Abriéndose la robusta entrada al poco de haber llamado, un mayordomo de la familia se quedó mirando a William con cierta duda, nadie le había avisado de que esperasen recibir una visita aquella mañana, aunque con la presentación de “padre” y la mención a la señorita Agnes, no tardó en agachar ligeramente la cabeza dándole la bienvenida.

-Adelante, pase. Iré a avisar de su llegada.

Para el mayordomo era fácil dar por sentado que la educada y religiosa Agnes hubiese pedido recibir una confesión en casa, o sino podía tratarse de algún pretendiente que quisiera pedirle un paseo formal –Por favor, espere aquí un momento- añadió con las manos detrás de su espalda, comenzando a darse la media vuelta. Aunque no hizo falta que desapareciera del recibidor. La hermosa Agnes bajaba justo por las enormes escaleras centrales con un par de cartas entre sus manos, una de ellas era la de Collins y por su gesto estaba terminándola de leer.

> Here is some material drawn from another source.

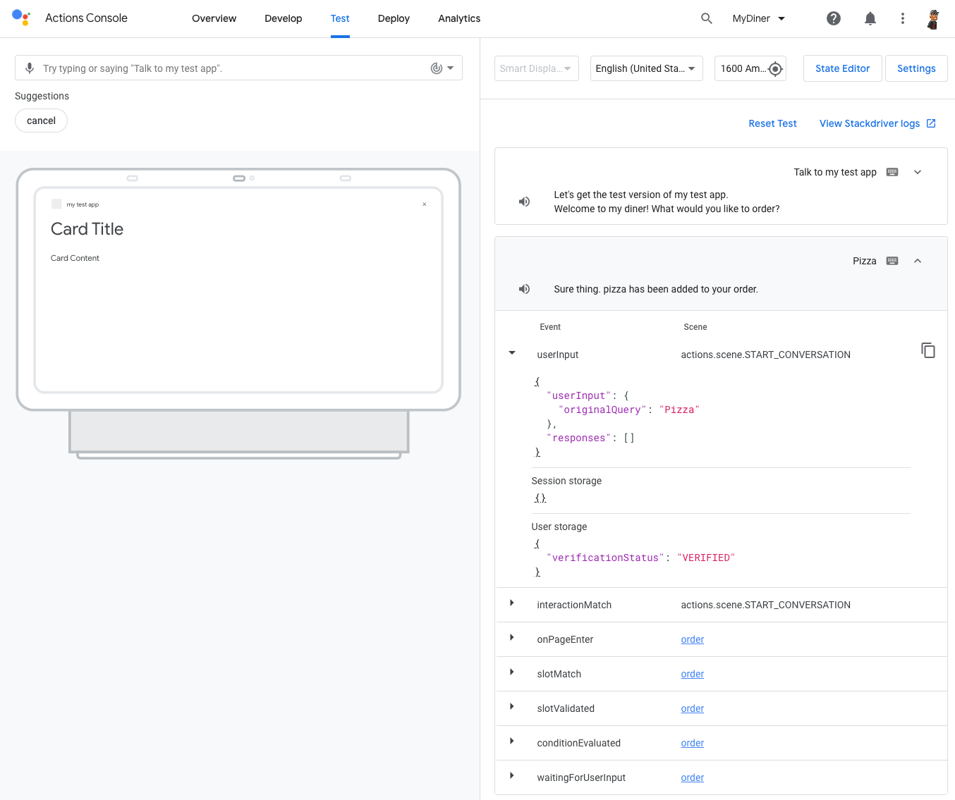 প্রধান নেভিগেশন এলাকায়, আপনার অ্যাকশন পরীক্ষা করার জন্য সিমুলেটরে যেতে টেস্টে ক্লিক করুন।

-¡Padre Collins!- acelerando la bajada de sus pasos y con una sonrisa automática al elevar los ojos hacia la visita, la muchacha se aproximó hacia ellos y le realizó una reverencia educada -Justo acabo de ver su misiva. Le agradezco mucho que haya aceptado venir a Hertford. Espero que haya tenido un viaje tranquilo.

La sonrisa de la joven expresaba sinceridad y resultaba tan espléndida como el interior de la casa. La vivienda Jones disponía de altos techos, espacios amplios, cortinas elegantes, y una decoración acogedora, iluminada por molduras y refinados detalles en color blanco que, por supuesto, se coloreaban con jarrones de flores, alfombras, candelabros y otros elementos decorativos.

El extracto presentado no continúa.